Using MySQL “procedure analyze” it was a simple dynamic concat SQL statement built on information_schema columns to get the basic framework for the data length with representative values reflecting actual production values.

The basic way to inventory and evaluate your data is:

select column_name from table_name PROCEDURE ANALYSE();
SELECT table_name, data_type, COUNT(column_name)
FROM information_schema.COLUMNS<br />WHERE table_schema ='&lt;schema_name&gt;'
GROUP BY table_name,data_type;

Numerical data and timestamp’s wouldn’t benefit from compression and we wanted to see for ourselves what varchar and other character based data types would perform like on the servers. We had bigint, binary, decimal, enum, date, datetime, varchar, and text fields. Testing revealed that most of the data could be compressed; we also decided to make datatypes  that weren’t as efficient for compression dynamic.

Here is a good explanation of compressed versus dynamic versus compact.

Determining a compression schema

At the time of this project there were two compression methods available to us: MySQL Compression and the Tokutek compression engine.

Tokutek

When we evaluated the Tokutek engine, we were running MySQL 5.5.17 on CentOS using HugePages, with about 30G of data split 50/50 between data and indexes. Tokutek at the time wasn’t able to work with HugePages turned on and it required a special backup/snapshot for the data. We didn’t have the file systems tested for either of these conditions. The Tokutek engine wasn’t incorporated into the package as it is now with MariaDB, and when we turned it on it made a land grab for memory above and beyond the pages dedicated to MySQL.

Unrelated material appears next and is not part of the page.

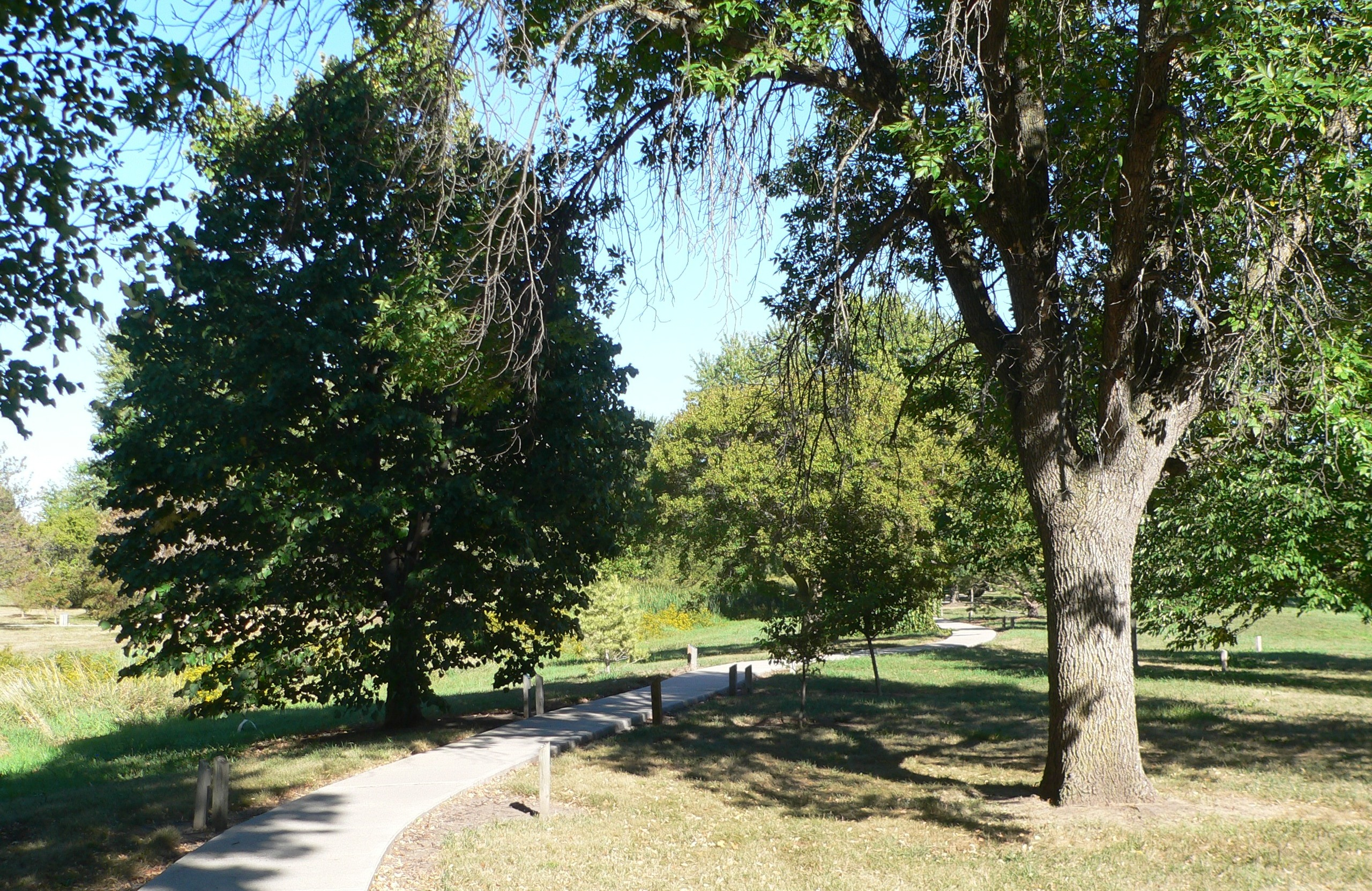 Path through arboretum in Gilman Park, Pierce, Nebraska.

Testing uncovered that the push down of the changes through its index meant that a series of “optimize table” after several “alter table add/drop columns” caused the MySQL daemon to crash due to the rate of change.

Upon discovering this, the team re-coded so that buffering went less to memory and more to disk. We worked very closely with Tokutek’s Tim Callahan, who was always available to us during the testing and investigation phases of the project. It’s always best to confirm what the current state is with a vendor early in the process.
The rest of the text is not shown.